What you have to do: Whatever comes before the line containing "is Quite often" stays out; transcribe that line and all that follow to the end of the records exactly, with no pictures.

Items listed in a dataset
# # # # #
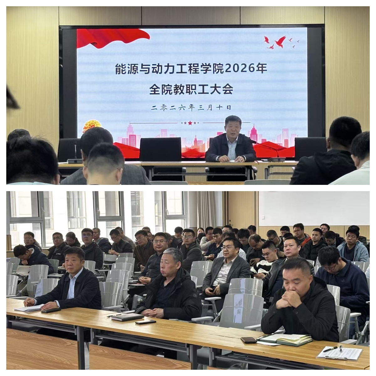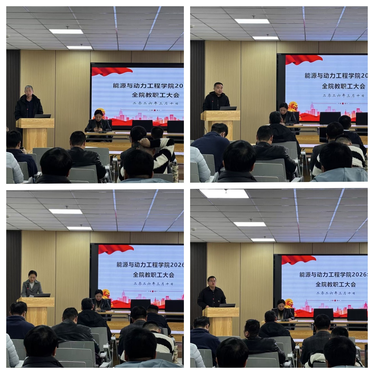 2026年3月10日下午,能源与动力工程学院在能源大楼A202卓越学术报告厅隆重召开春季学期全院教职工大会,全体教职工参会,会议由院党委副书记兼副院长任雁主持。
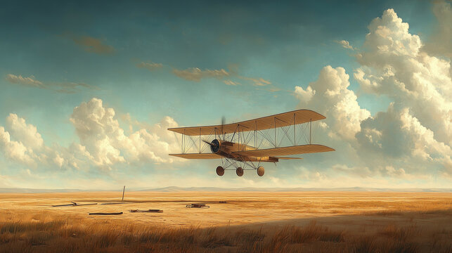Celebrating the first flight of the Wright brothers over open fields with a historic aircraft soaring gracefully in the sky
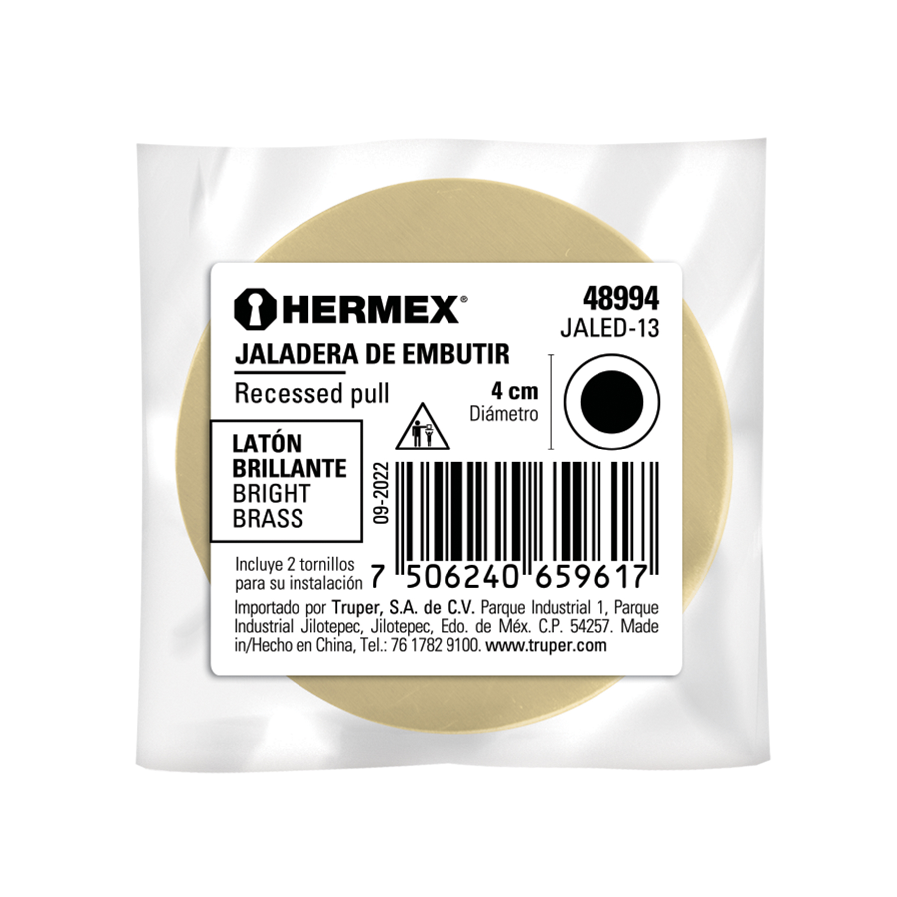 Jaladera de embutir circular No. 3 acabado latón brillante
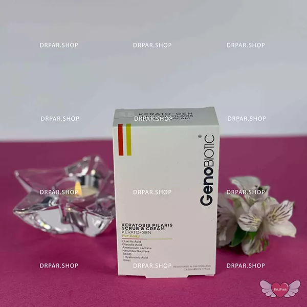 اسکراب کراتوژن ژنو بایوتیک با ترکیبات فعال مانند لاکتیک اسید، گلایکولیک اسید و آمونیوم لاکتات، سلولهای مرده و کراتین اضافی پوست را به آرامی لایه برداری میکند.
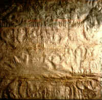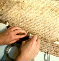 is Quite often this curling is the skin’s "memory," as it tries to revert to the animal’s original shape. The iron gall ink, lying on the surface of the parchment (as opposed to ink on paper, which is absorbed by the cellulose fibers) began to dry and flake away. Page one of the Charter is the most visually pleasing, but its placement on the outside of the folded package caused it to suffer the most damage. Constant folding and unfolding prompted decay and caused it to break along the creases. The most prominent break, a large hole, occurred in the lower left-hand corner. |
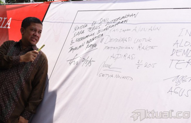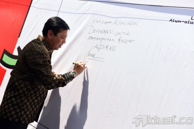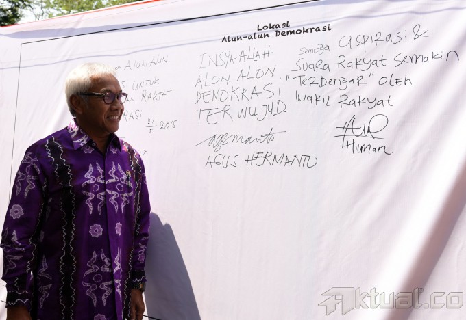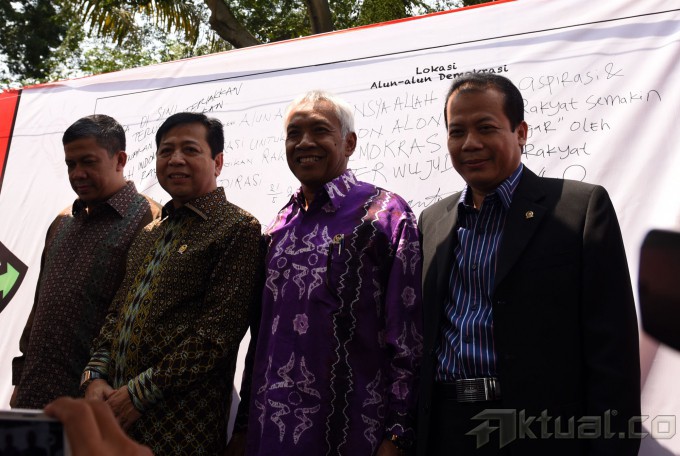 Ketua DPR Setya Novanto, meresmikan rencana pembangunan alun-alun demokrasi di Kompleks Parlemen, Senayan, Jakarta, Kamis (21/5/2015). Alun-alun ini akan dibangun di sisi kiri Kompleks Parlemen, yang saat ini dijadikan sebagai Taman Rusa, lapangan futsal, dan tempat parkir kendaraan. Selain tempat untuk berdemokrasi, pembangunan alun-alun ini juga dilakukan untuk menambah ruang terbuka publik di Ibu Kota. AKTUAL/JUNAIDI MAHBUB
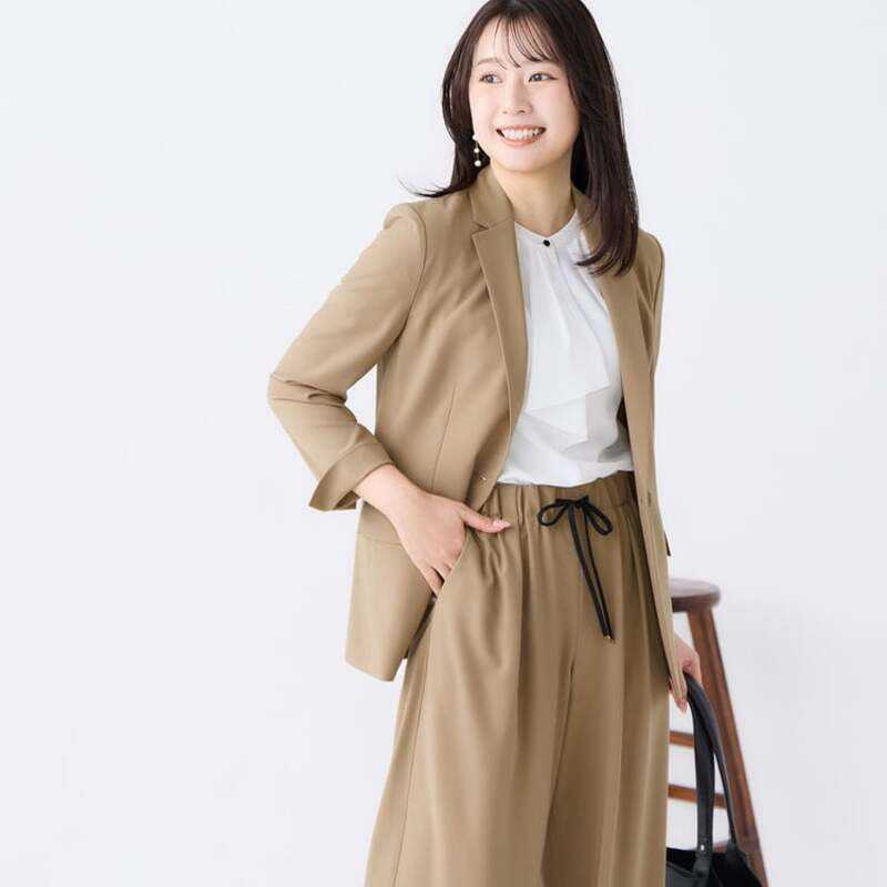 【レディース】ドレープストレッチ テーラードジャケット キャメル セットアップ着用可
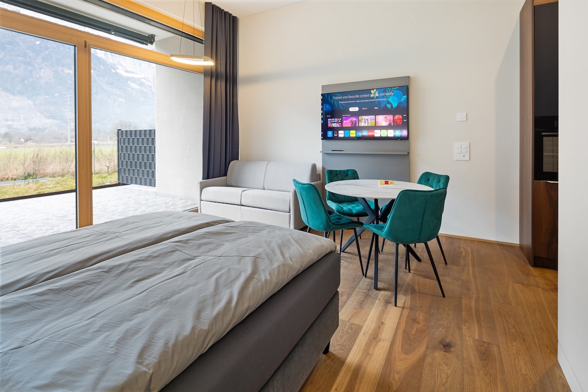 Welcome to Visionary Hospitality in Altdorf, Uri. Our Studio Apt has everything you need for a pleasant Stay: Apartment → Kitchen → Queen Bed / Sofabed → 55" Smart TV → Washer / Dryer → Shower House → Elevator → Train Station / Bus Stop → EV/Car/Van Parking Spaces Important: Some Apt are on Ground Floor and some on 5. Floor. If you have a specific Preference we can assign accordingly based on Availability.
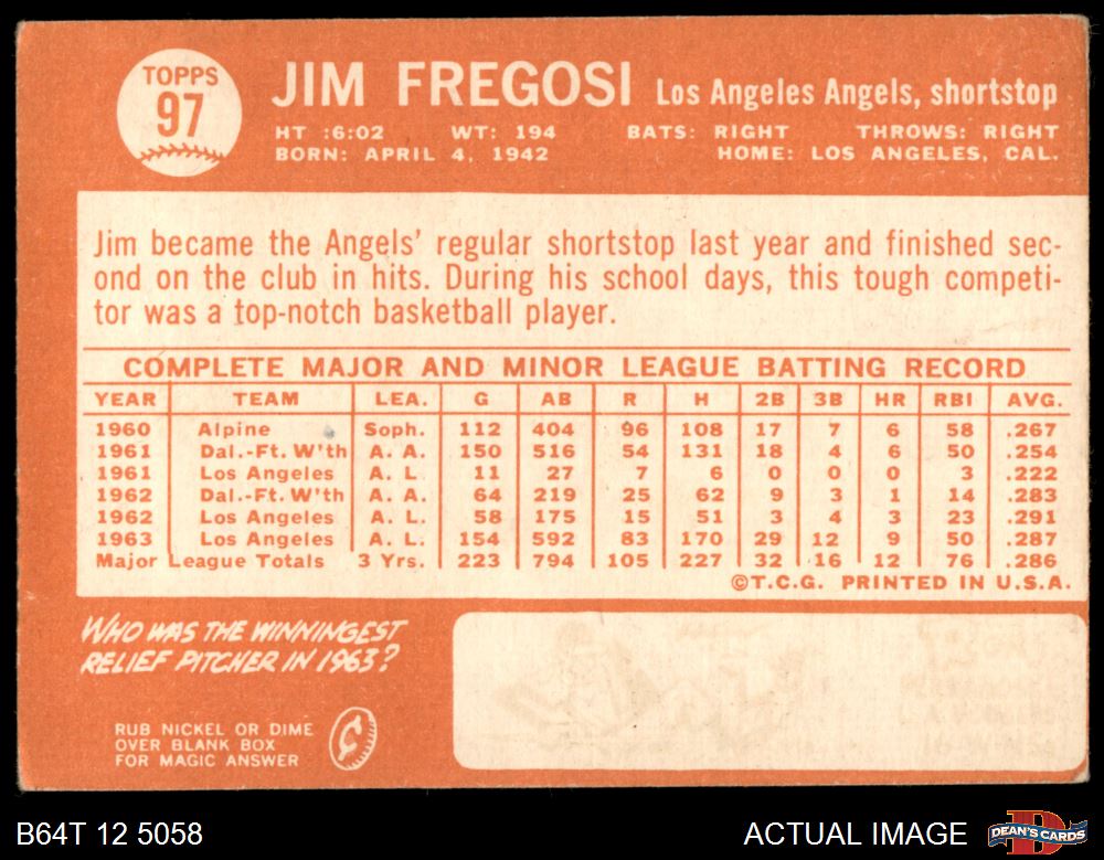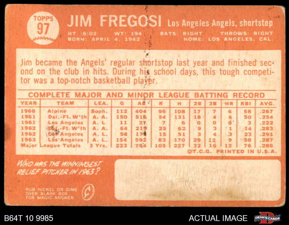 1964 Topps #97 Jim Fregosi 1.5 - FAIR
# # # # #
Written reply:
 is Quite often this curling is the skin’s "memory," as it tries to revert to the animal’s original shape. The iron gall ink, lying on the surface of the parchment (as opposed to ink on paper, which is absorbed by the cellulose fibers) began to dry and flake away. Page one of the Charter is the most visually pleasing, but its placement on the outside of the folded package caused it to suffer the most damage. Constant folding and unfolding prompted decay and caused it to break along the creases. The most prominent break, a large hole, occurred in the lower left-hand corner. |
 Ketua DPR Setya Novanto, meresmikan rencana pembangunan alun-alun demokrasi di Kompleks Parlemen, Senayan, Jakarta, Kamis (21/5/2015). Alun-alun ini akan dibangun di sisi kiri Kompleks Parlemen, yang saat ini dijadikan sebagai Taman Rusa, lapangan futsal, dan tempat parkir kendaraan. Selain tempat untuk berdemokrasi, pembangunan alun-alun ini juga dilakukan untuk menambah ruang terbuka publik di Ibu Kota. AKTUAL/JUNAIDI MAHBUB
 【レディース】ドレープストレッチ テーラードジャケット キャメル セットアップ着用可
 Welcome to Visionary Hospitality in Altdorf, Uri. Our Studio Apt has everything you need for a pleasant Stay: Apartment → Kitchen → Queen Bed / Sofabed → 55" Smart TV → Washer / Dryer → Shower House → Elevator → Train Station / Bus Stop → EV/Car/Van Parking Spaces Important: Some Apt are on Ground Floor and some on 5. Floor. If you have a specific Preference we can assign accordingly based on Availability.
 1964 Topps #97 Jim Fregosi 1.5 - FAIR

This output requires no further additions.